Your answer must be the lines from the top of the listing below through the line that holds "뷔스티에 같은 가슴 부분", retyped exactly, with no pictures.

━━━━━ ENTRIES SUPPLIED ━━━━━

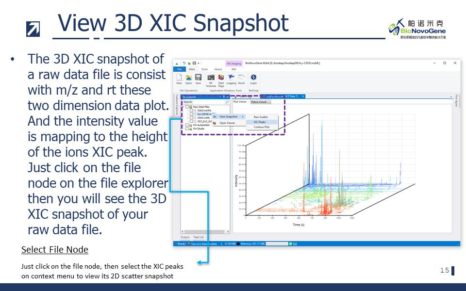 • 【三维峰图】三维峰图所表达的含义与散点图是一致的,只不过散点图是二维的可视化结果,intensity值使用颜色来代替。而在三维峰图之中,intensity则是变成了峰高。
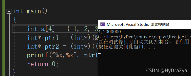 //a表示数组首元素地址,(int)a将这个地址强制类型转换成int类型
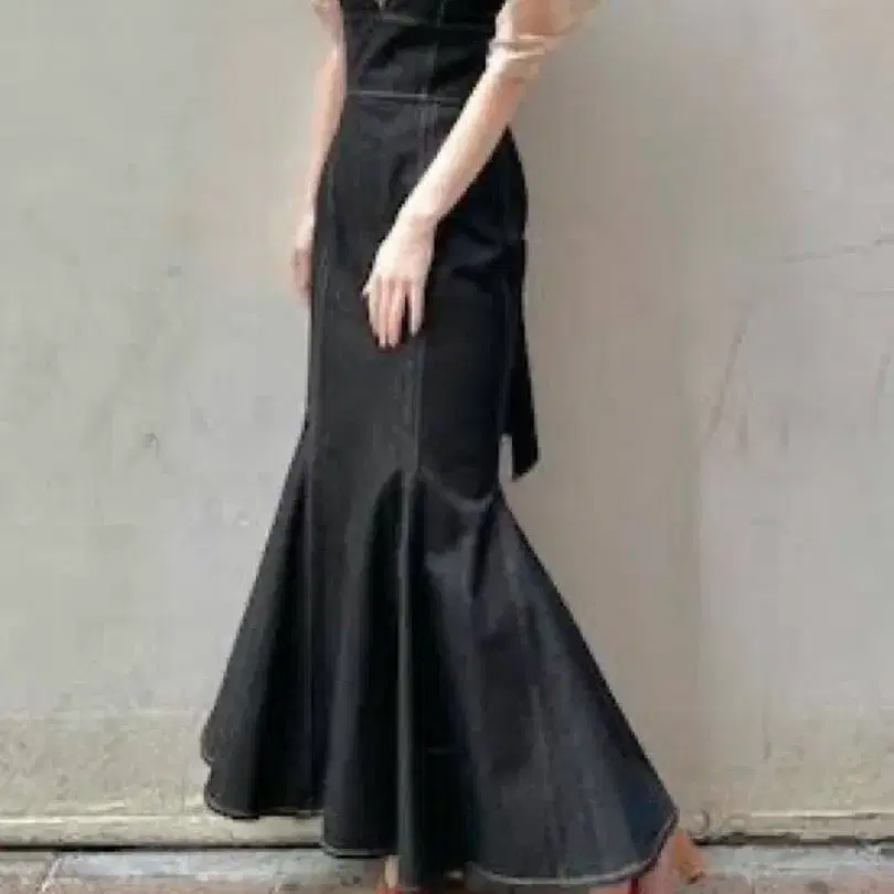 뷔스티에 같은 가슴 부분 커팅과 머메이드 실루엣의 스커트가 여성스러운 데님 원피스.
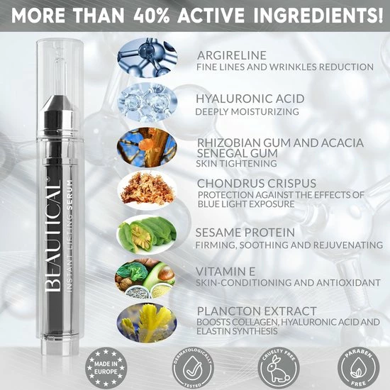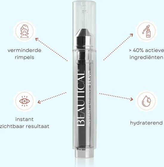 BEAUTICAL Instant Lifting Serum werkt goed op kraaienpootjes, expressierimpels of nasolabiale plooien. Het zorgt ook voor een verjonging van de blik en vermindert de wallen onder de ogen!
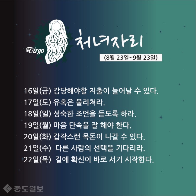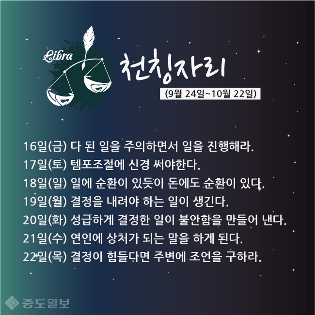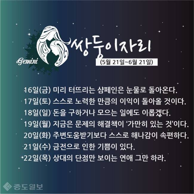16일(금) 말과 행동을 주의하고 조용히 있는 것이 좋다.
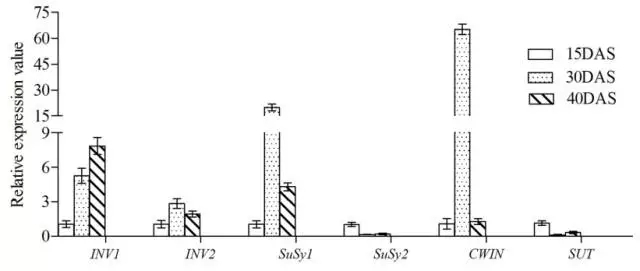 5.使用qRT-PCR驗證參與蔗糖代謝的差異表達基因。這6個(gè)差異表達基因的表達水平與RNA-seq結果是一致的。
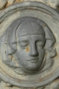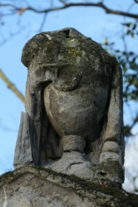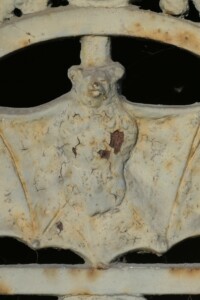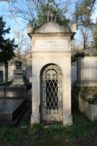 La chapelle s’ouvre par une superbe porte en fonte avec des bas-reliefs figurant, en haut, un petit masque de théâtre grec, une chauve souris aux ailes déployées et, en bas, un bruleur d’encens. Cette porte existe en plusieurs exemplaires identiques dans le cimetière (Monvoisin, Division 30 …).
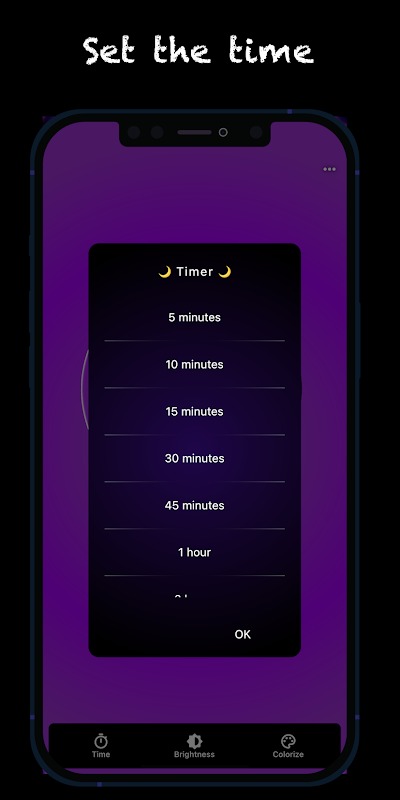✔️️ตั้งเวลาที่คุณต้องการให้แสงสีม่วงเปิดใช้งานบนโทรศัพท์ของคุณ
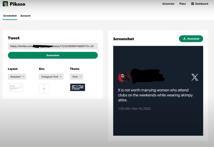 Conversion for posting on IG: Now, Since you have already posted on twitter. What I need you to do is, copy the link of this tweet and go to pikaso. This is a tool that turns your simple twitter posts into fancy looking ones. This Tool is Not a Free One You need to Pay $8/m or ₹600/ m for it. But What you Need to Understand is That We Are Talking About Thousands of Dollars/Lakhs in Rupees Here this much Initial Investment Is Necessary, If you Are Too Frugal Business is Not For You. I know you can Create The Same Post On Pixel Lab or Photoshop But You will Need to Spend a Lot Of Time, The Value of Time is Insane In Business so That Is Not Recommended. You Need to Trust Me and Invest Anywhere I tell you to and Not think Twice, I Won’t Advise You The Wrong Thing to Do. Now Paste the link you copied. And Do The Settings As The Following Screenshot.
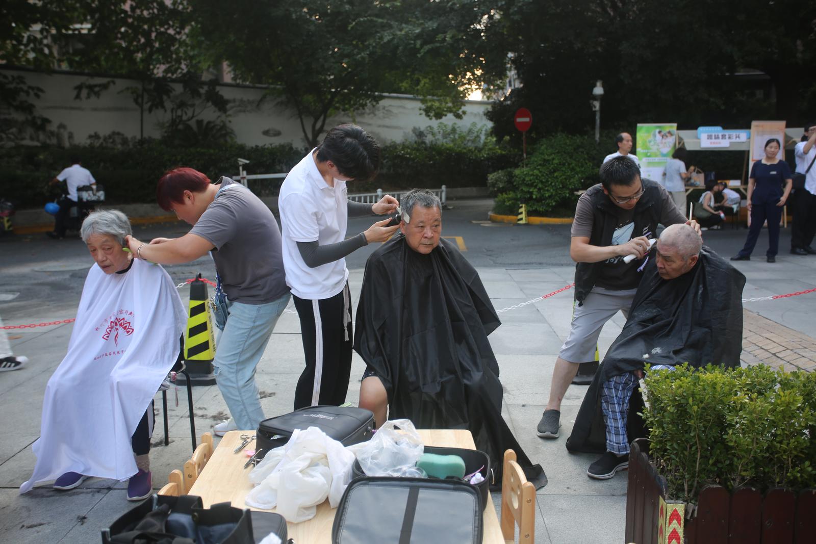 在便民服务区里,社区工作人员忙着提供政策解读、宣传反诈和科普知识,志愿者带来了免费理发,此外,社区还在便民服务区为居民们设置了凉茶和爆米花摊,免费向居民提供好吃的好喝的。
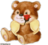 A charming brown teddy bear, wearing a yellow vest, sits and holds a single vibrant red rose gently in its mouth.
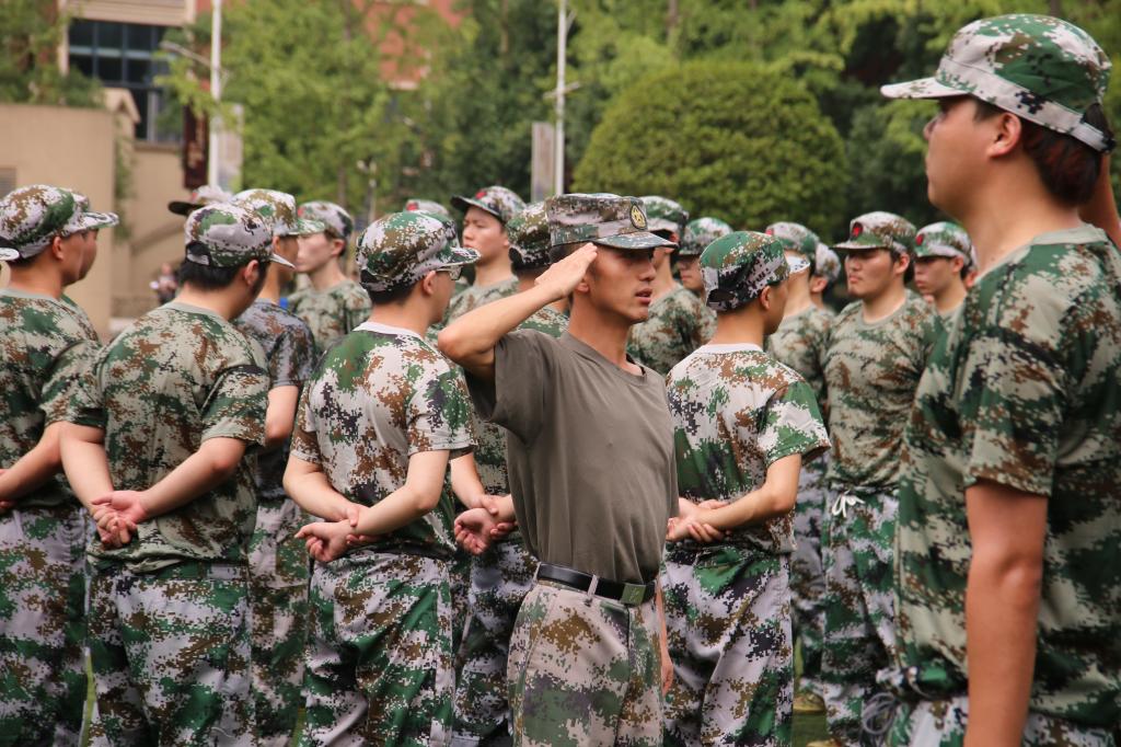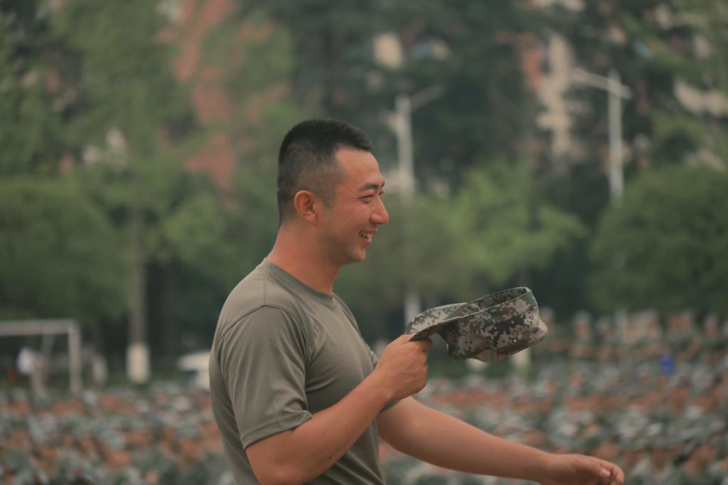 仍记得,火热的蒸笼天,他们迈着健步走来,这便是你们的第一次相见,也注定了接下来十几天你们的缘分。训练时,他们总是很严格,刚毅的脸庞,不曾展露半分微笑。一声声铿锵有力的指令,训练出一套又一套整齐的动作,身为铁骨铮铮的男儿,也有万般柔情,他们耐心又细致,不断纠正你动作上的错误,在严格规范我们的同时,也体贴入微的关怀着我们,时刻关注我们的身体状况,“有不舒服的就举手打报告”是他们常挂在嘴边的话,在训练的苦累中,是教官们的关怀让你有信心和勇气坚持下去。
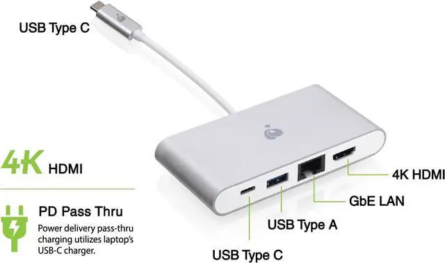 USB-C Power Charging Pass-Thru:Connect your laptop's original USB-C charger to the multi-port adapter and charge your laptop while you work or play.Providing up to 60W of power delivery, your laptop will charge at the fast rate you expect from USB-C.When you are not charging your laptop, you can use the USB-C port to plug in any USB-C devices.
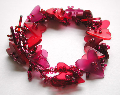 Slew of Hearts Bracelet - Acrylic buttons in shades of red and burgundy mixed with a bead soup of seed beads. Bracelet is 7 1/2 inches long. Closed with a button toggle closure. $60.00 (Sold!)
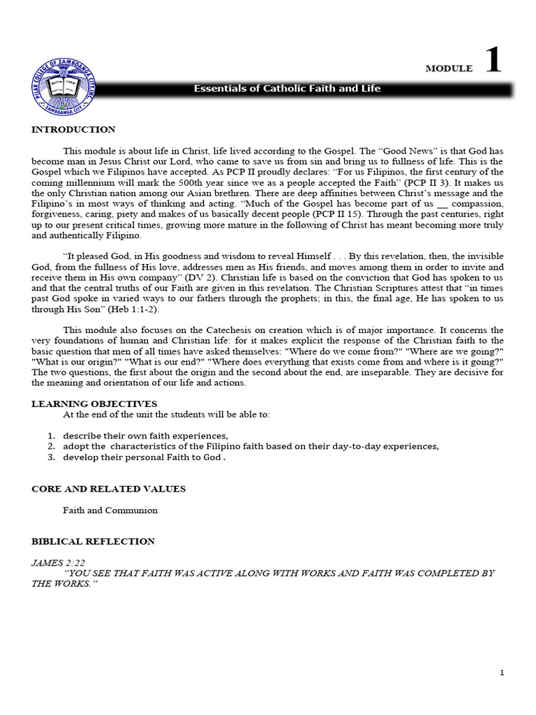 This module also focuses on the Catechesis on creation which is of major importance. It concerns the

━━━━━

** SOLUTION TO THE EXERCISE **
 • 【三维峰图】三维峰图所表达的含义与散点图是一致的,只不过散点图是二维的可视化结果,intensity值使用颜色来代替。而在三维峰图之中,intensity则是变成了峰高。
 //a表示数组首元素地址,(int)a将这个地址强制类型转换成int类型
 뷔스티에 같은 가슴 부분 커팅과 머메이드 실루엣의 스커트가 여성스러운 데님 원피스.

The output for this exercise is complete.